Giornata grigia e piovosa. Allo stadio, in attesa della partita, comincia ad arrivare qualche tifoso. Nella tribuna coperta ci sino ancora due soli spettatori, uno sulla prima fila in basso e uno sulla prima fila in alto. Quello in alto, vedendo che arrivava pochissima gente, si decide a spostarsi in basso e si va a sedere accanto all’unico spettatore della prima fila. Cerca di attaccare discorso:
“Scusi, mi posso sedere vicino a lei?”
“Va bene. Quel posto era di mia moglie”, risponde il signore della prima fila соn una strana serietà e fissità, senza voltarsi.
“Oh, mi scusi”, dice il nuovo arrivato, “Ma appena arriva sua moglie me ne vado”.
“Mia moglie oggi non viene, è morta”, ribatte соn tono sepolcrale il primo tifoso.

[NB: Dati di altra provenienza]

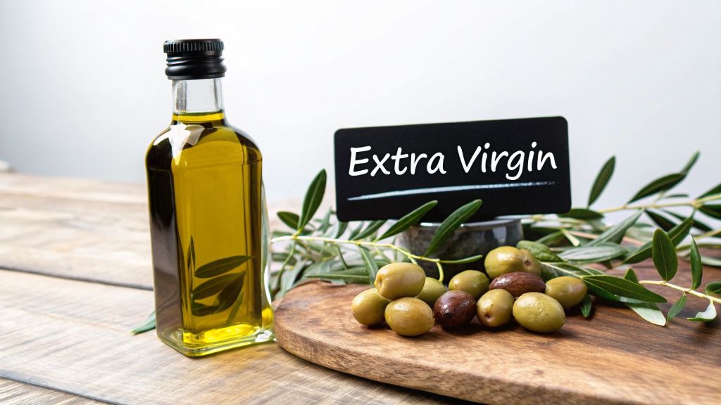 When you see "extra virgin" on a bottle, it’s not just marketing fluff. Think of it as an Olympic gold medal for olive oil—it's a hard-won grade that signifies the absolute peak of quality. This isn't a title given out lightly; it’s a promise of purity, earned only after passing a tough, two-part trial covering both chemical and sensory standards.

“Sono veramente confuso, oggi faccio una gaffe dietro l’altra…” Poi guarda meglio il suo vicino e si accorge che è piuttosto anziano e ha un bastone. Ma come si fa – pensa a mandare un vecchio solo allo stadio? “Aspetta suo figlio o qualcuno?”
“No”, risponde sempre più tetro e funereo il primo tifoso, “Non viene nessuno, sono voluti andare tutti al funerale!”